Well, if you’re a writer, time has a way of twisting itself into a set of never ending challenges. Too often, writers can feel like time is the enemy. It’s the faceless black demon hovering in the shadows. It savours the pain it inflicts on the unsuspecting writer with a disturbing joy…
Sounds a bit dramatic, doesn’t it? Actually, I don’t think so. Here’s why:
Time problem #1: the day-to-day, just can’t get enough…
There’s simply not enough hours in the day. Too many of us have to squeeze our writing in around full or part-time work, looking after children, study, family commitments and basically, life. The result is that time feels like it’s this elusive beast we’re constantly in pursuit of, who expertly disappears around the corner just as we catch sight of him.
Time problem #2: the endless waiting
It’s rather ironic that on one hand we’re constantly pining for more time in our day to get our writing done, yet when we have to endure the pain of the submission process or entering your manuscript in competitions, time feels like it lasts forever. Turnaround times for submission replies usually run into the months. With time, the manuscript that seemed so burning, so ‘right now,’ ebbs into a distant memory. Sure, you put a lot of work into it at the time, but now the months (or possibly years) have passed trying to get it out there, you’re on to a new story idea which you’re certain, this time, will be a winner…

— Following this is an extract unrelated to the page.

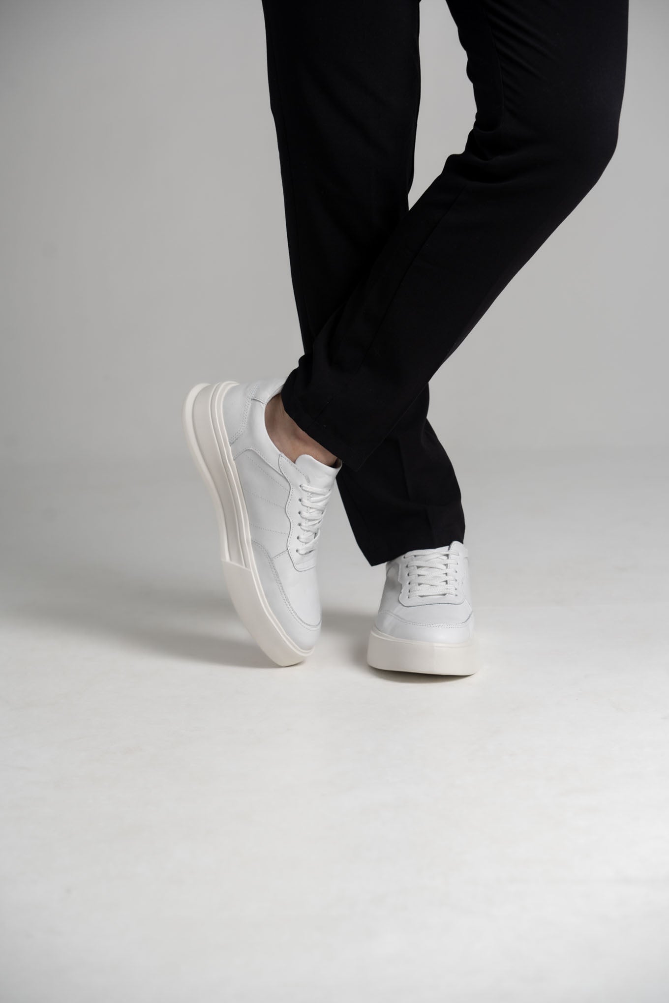 Feito em couro liso de alta qualidade, ele possui recortes estratégicos que reforçam sua identidade única, ao mesmo tempo discreta e marcante. O solado mais alto oferece alguns centímetros a mais de altura com conforto absoluto, valorizando a silhueta sem comprometer o bem-estar ao longo do dia.

Time problem #3: blink and you miss it
Before you know it, you’ve dedicated years to your writing ambition. If you’re lucky, you’ll have something to show for it: a few finished books, maybe you’re even published. Or perhaps you’ve got a bunch of almost there manuscripts sitting in your bottom drawer? Either way, the writing bug you’ve caught eats time like cookie monster puts away cookies. You find it hard to believe that you’ve been working at it so long. Where did that time go?
How to grab time by the horns and ride into the sunset
Whichever time problem you’re currently facing (most likely a combination of all of them), there is hope for the dedicated writer. It’s all about attitude, action and ambition:
Attitude: time? Bah! Big deal. it’s only time. So what if it takes me a bit longer to get that manuscript finished? Or it takes years to get published? It will happen. All in good time. In short, don’t let time dig its nails in. Keep relaxed! Time hates it when you do that. It will probably give up and go and annoy some other poor, unsuspecting, anxious writer…
Action: make every minute and hour count whenever you can grab them. It’s true there’s only twenty-four hours in a day, but even if you only manage to spend an hour or two most days working on your manuscript–bit by bit, little by little–it will emerge from your hard drive as something that starts to resemble a book. How did that happen? You made time count.
Ambition: time hates ambition. It gets in the way of its cunning antics. Writers who are ambitious use time to their advantage (see action above). But it’s more than that. They hold onto a long term view. Writers with a long term view accept and understand success takes time, while making every day count.
How about you? As a writer, do you find time is your enemy and what tactics do you use to overcome it?